Use `sklearn` to turn our string data into a doc-term matrix. IDF weighting is optional and turned on here.

Note that we bypass preprocessing and tokenization, since that's already handled for us by the orignal NER and by our work above.

In [9]:
# define vectorizer parameters
tfidf_vectorizer_preprocessed = TfidfVectorizer(max_df=1.0, min_df=2, use_idf=True, norm = 'l2',
                                   lowercase = True, analyzer = 'word', 
                                   preprocessor=lambda x: x, tokenizer=lambda x: x)
tfidf_matrix_from_strings = tfidf_vectorizer_preprocessed.fit_transform(geostrings) #fit the vectorizer

# Get the vocabulary for later use
geo_terms_from_strings = tfidf_vectorizer_preprocessed.get_feature_names()
print("Dimenions of the doc-term matrix:", tfidf_matrix_from_strings.shape)

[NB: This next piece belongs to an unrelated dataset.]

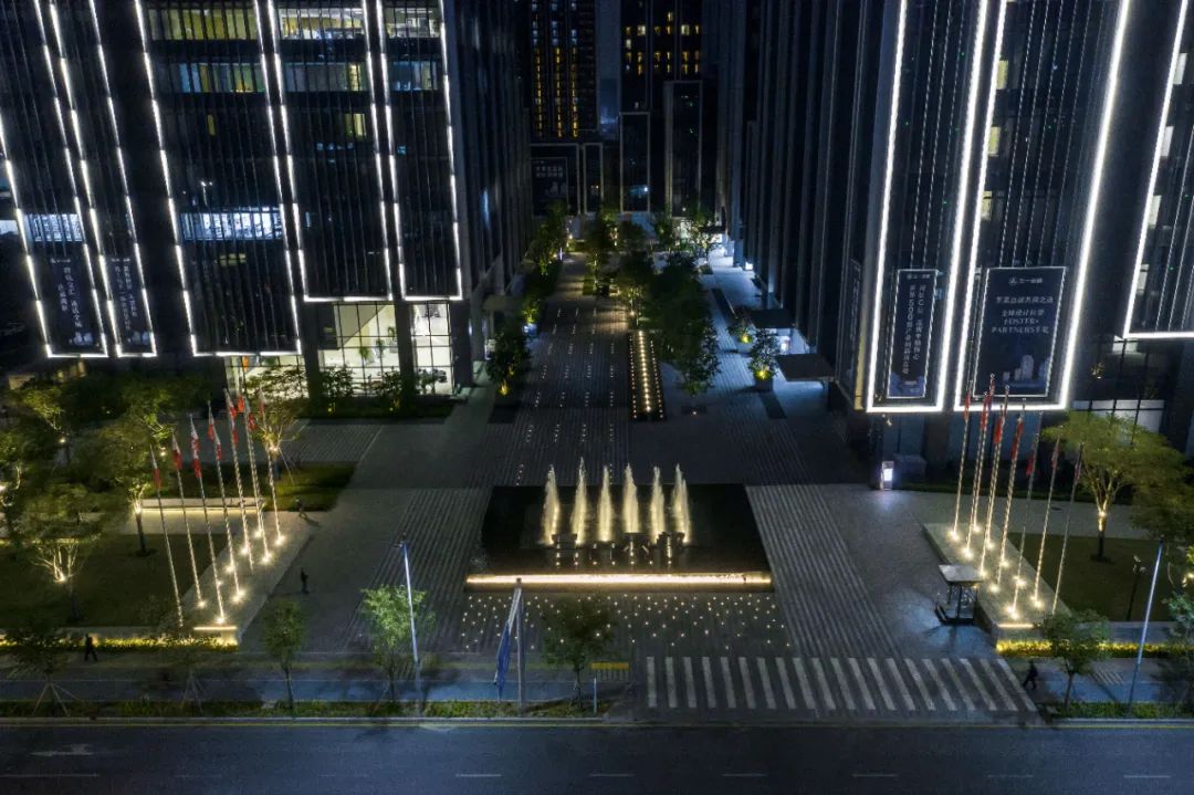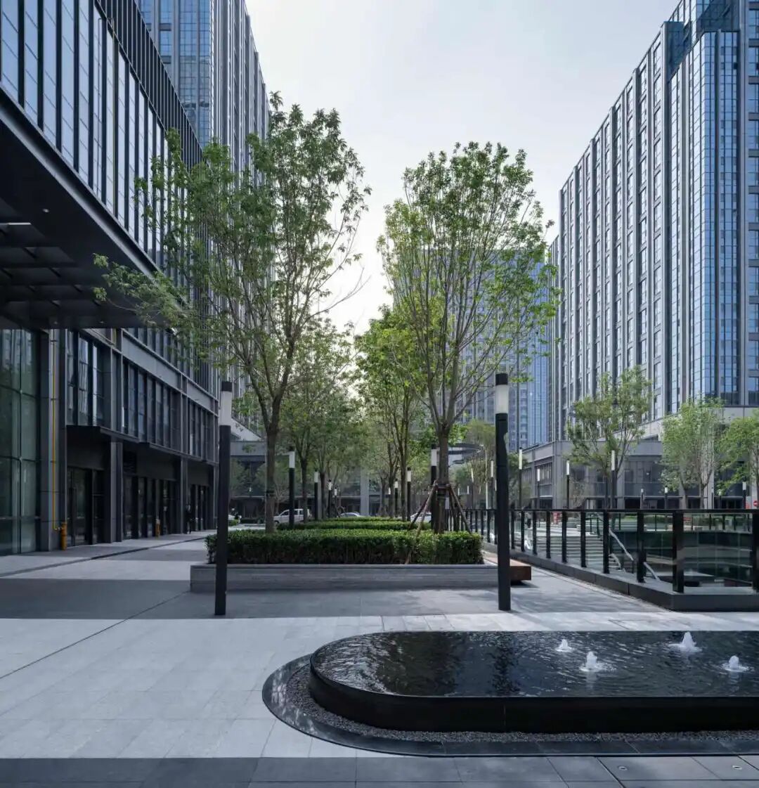 景观设计体现场地的四季更迭变化,打造了休闲剧场、场地运动、艺术雕塑、水景四大主题景观。5万平米超大景观园林,绿化率高达30%,形成了独树一帜的都市园林式办公环境。独具匠心的音乐喷泉和园林景观,远远望去如同洒满阳光的花园,与楼群相辅相成

Dimenions of the doc-term matrix: (1333, 14029)


## Using geolocation data

Use continent-country-state data rather than raw strings. Should give better sense of general orientation, but contains more errors and has no data for some locations.

In [10]:
# Glance at the data
data_geo.head()

Unnamed: 0,htid,occurs,continent,country,admin_1,locality,text_string
0,inu.30000001734023,1,Africa,,,,Africa
1,inu.30000001734023,10,,US,,,America
2,inu.30000001734023,1,,IE,Dublin,Dublin,Amiens Street
3,inu.30000001734023,1,,RU,Astrakhan Oblast,Astrakhan,Astrakhan
4,inu.30000001734023,1,,US,TX,Austin,Austin


### 'Geo words'

We want to aggregate locations by administrative area at a pretty high level. We collapse all locations into their country, except:

* For US and GB, collapse to "`admin_1`" level (US state, GB country, e.g., 'England' or 'Scotland')
* For continent references, keep as is. Note that we do not have continent data for locations that are not simple continent references, e.g., 'Africa' is labeled as a continent, but 'Nigeria' has no continent data. Not a problem, just something to know.
* For locations that are hard to collapse appropriately ('Pacific Ocean', 'Danube'), keep as is. Would be nice to be able to get continent or country data for some of these, but it doesn't exist in our sources. This is a smallish issue, since the total number of records in this class is small.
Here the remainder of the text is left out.